John Evelyn, 13 September 1660
"To Southwark Fair, very dirty, and there saw the puppet-show of Whittington, which is pretty to see; and how that idle thing do work upon people that see it, and even myself too! And thence to Jacob Hall's dancing on the ropes, where I saw such action as I never saw before, and mightily worth seeing; and here took acquaintance with a fellow who carried me to a tavern, whither came the music of this booth, and by-and-by Jacob Hall himself, with whom I had a mind to speak, whether he ever had any mischief by falls in his time. He told me, 'Yes, many, but never to the breaking of a limb.' He seems a mighty strong man. So giving them a bottle or two of wine, I away."

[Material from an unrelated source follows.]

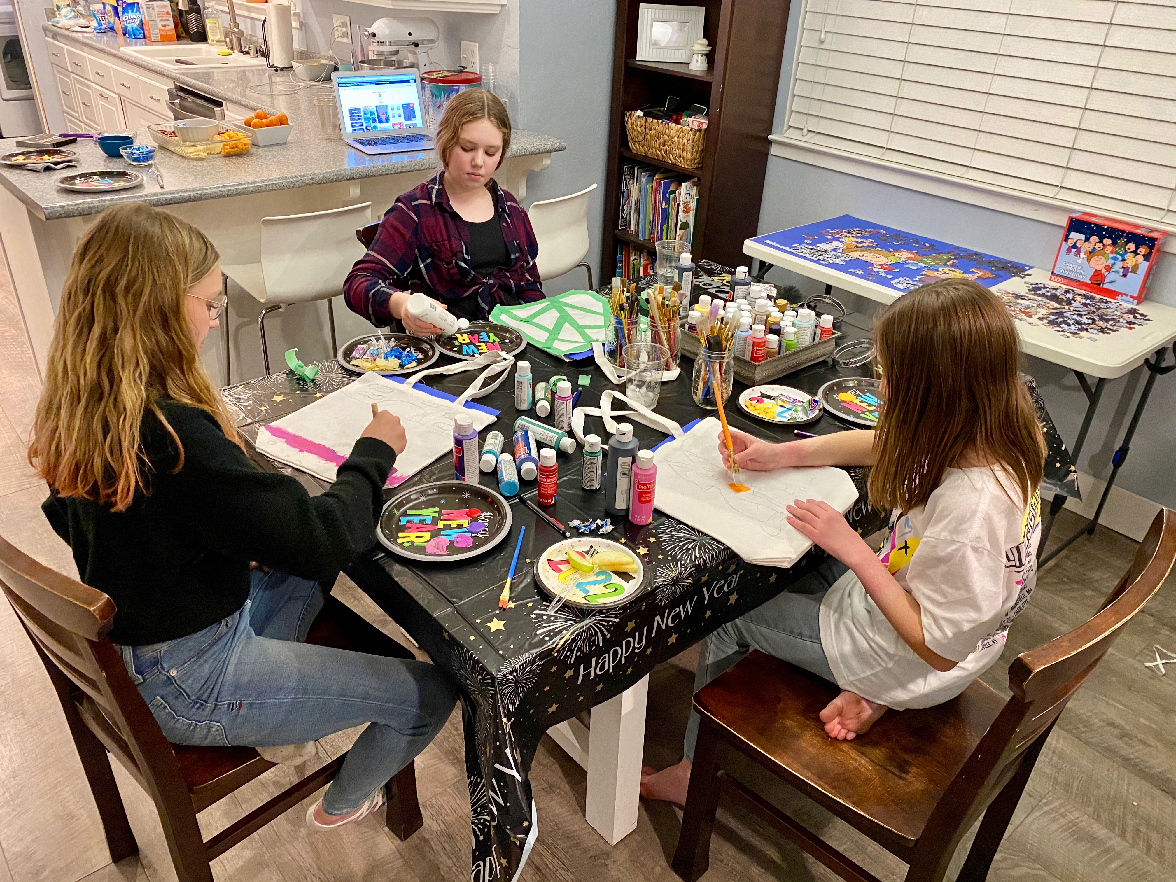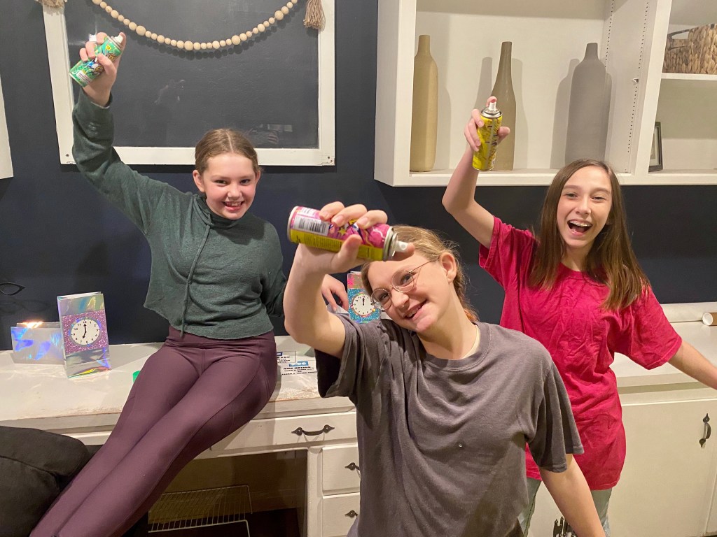 Our movie night was planned for 5:30 pm -8:30 pm, which seemed like enough time, but I think I would have extended by another 1/2 hour if I was to do it again. My daughter has the sweetest group of friends, and although it was loud with 15 middle schoolers running around my house, they were so respectful and everyone had SO MUCH FUN!!! We set up corn hole in the backyard and we have tether ball as well. For the first hour, the kids ran around outside, and the entire group greeted each person as they arrived. The Nightmare Before Christmas is only 1 hour and 16 minutes long, so it’s a great length for a movie night and left enough time for a game before everyone got picked up.

Samuel Pepys, 21 September 1668
The Fair attracted people from all walks of life, from the high class to the low, even royalty, and attracted the highest quality actors and other entertainment. Some companies advertised their forthcoming performances at the Fair. In 1731, Lee and Harper advertised their production of Jeptha's Vow and the Fall of Phaeton which was to take place in their booth on the bowling green behind the Marshalsea. There was to be a variety of singing and dancing in between acts and in addition a pantomime entertainment entitled the Harlot's Progress. Another advertisement described Jeptha's Vow and The Fall of Phaeton, "the whole intermix'd with Comic Scenes between Punch, Harlequin, Scaramouch, Pierrot and Columbine". This latter can clearly be seen in Hogarth's illustration which also shows a large poster for the "most celebrated entertainment called The Siege of Troy" advertised by Lee's Great Theatrical Booth in 1734. Another company, Yeates (Senior and Junior) advertised a performance of the "Ballad Opera" The Harlot's Progress in 1722 "To which will be added Yeates (Junior) Incomparable Dexterity of Hand ... and at a Large Room near Booth, 2 Large Ostriches, lately arrived from the Deserts of Arabia being Male and Female".

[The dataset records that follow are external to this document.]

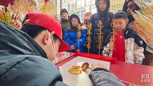 總書記察看街區(qū)風(fēng)貌和各式年貨攤位,同現(xiàn)場群眾親切交流。他愉快地向大家講起年少時多次到隆福寺的情景,還購買了特色食品和文創(chuàng)產(chǎn)品。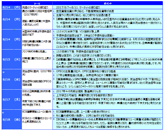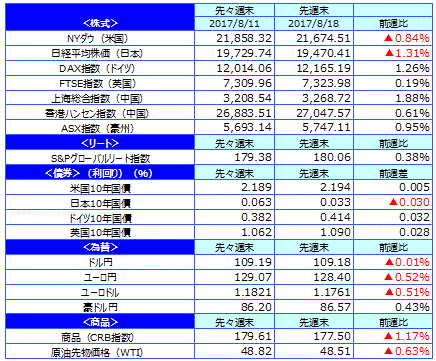先週のマーケットの振り返り(2017/8/14-8/18)【ウィークリー】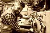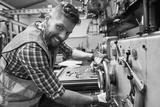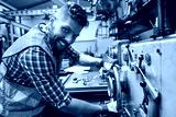 Arbeiter in Metallfabrik bedient Standbohrmaschine

A more varied entertainment was advertised in 1733 by Pinchbeck and Fawkes which would:
"Divert the Publick with the following surprising Entertainments at their great Theatrical Room at the Queens Arms joining to the Marshalsea Gate ... The diverting and incomparable Dexterity of Hand, perform'd by Mr Pinchbeck who causes a Tree to grow out of of a Flower-Pot on the Table, which blossoms and bears ripe Fruit in a Minute ... the famous little Posture-Master of nine Years old, who shows several astonishing Postures by Activity of Body ...an amazing Musical Clock made by Mr Pinchbeck, 2 beautiful moving pictures and performs on several muscial instruments ... a curious Machine being the finest Piece of workmanship in the World for moving Pictures and other curiosities ... while the Booth is filling the little Posture-Master will divert the Company with several wonders on the slack rope..."

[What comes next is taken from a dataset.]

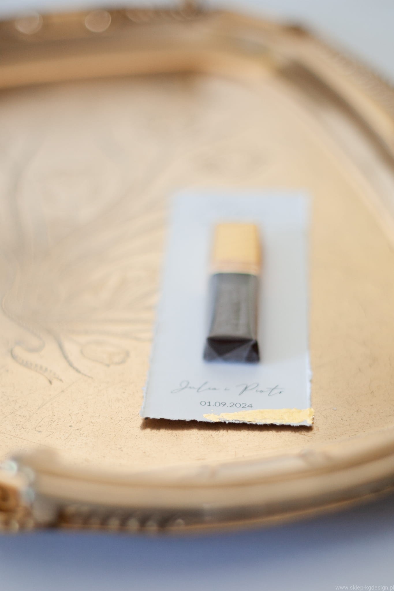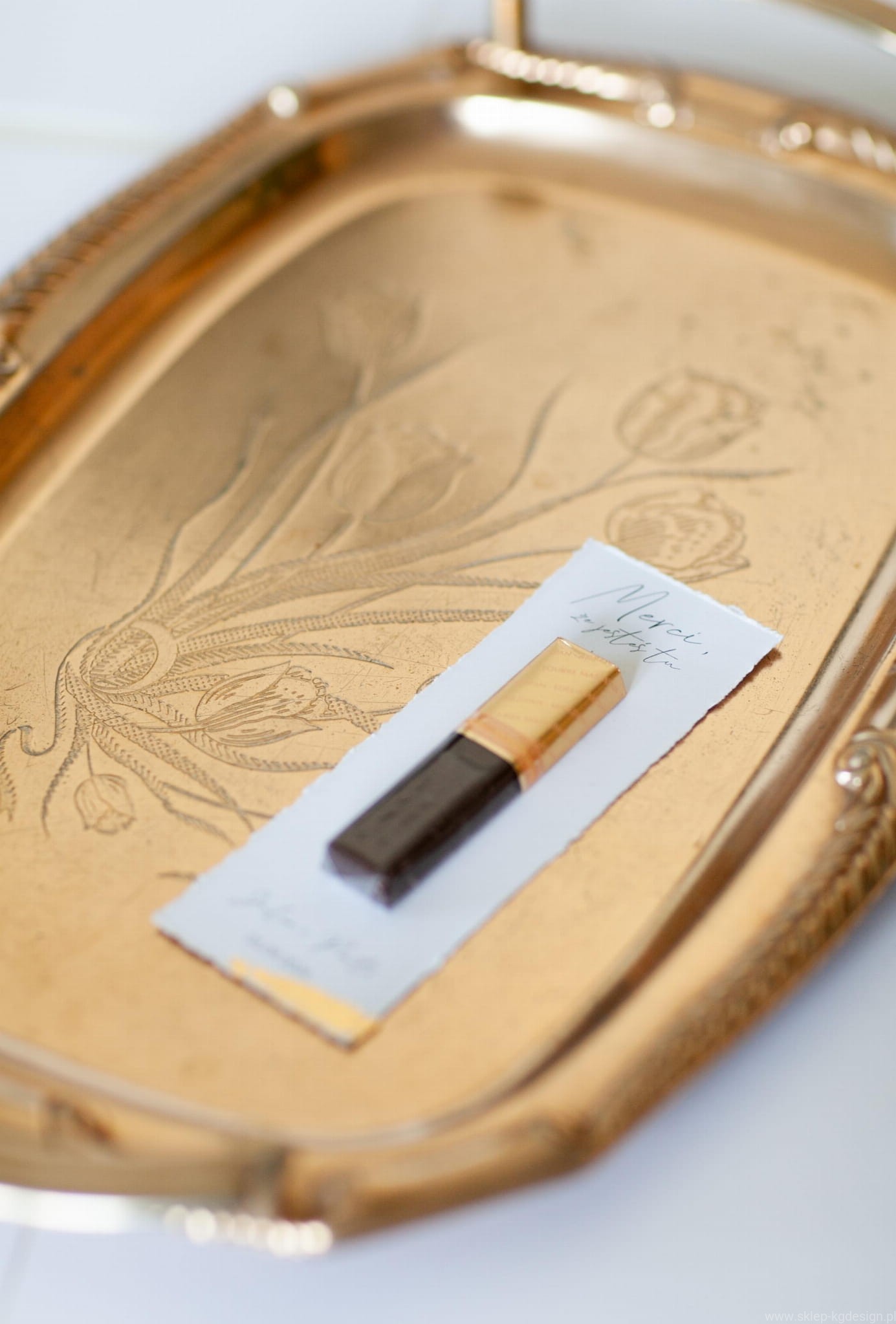 Podziękowanie dla gości - karteczka na czekoladkę Merci GOLD

But despite the fun and the variety and quality of the entertainments, the festivities went hand in hand with danger, vice and riots. A woman had been trampled to death by the crowd in 1733 and a lot of crime was associated with the Fair. For these reasons, and also for reasons of congestion in what was fast becoming an urban area, opposition to the Fair grew until it was finally banned in 1763.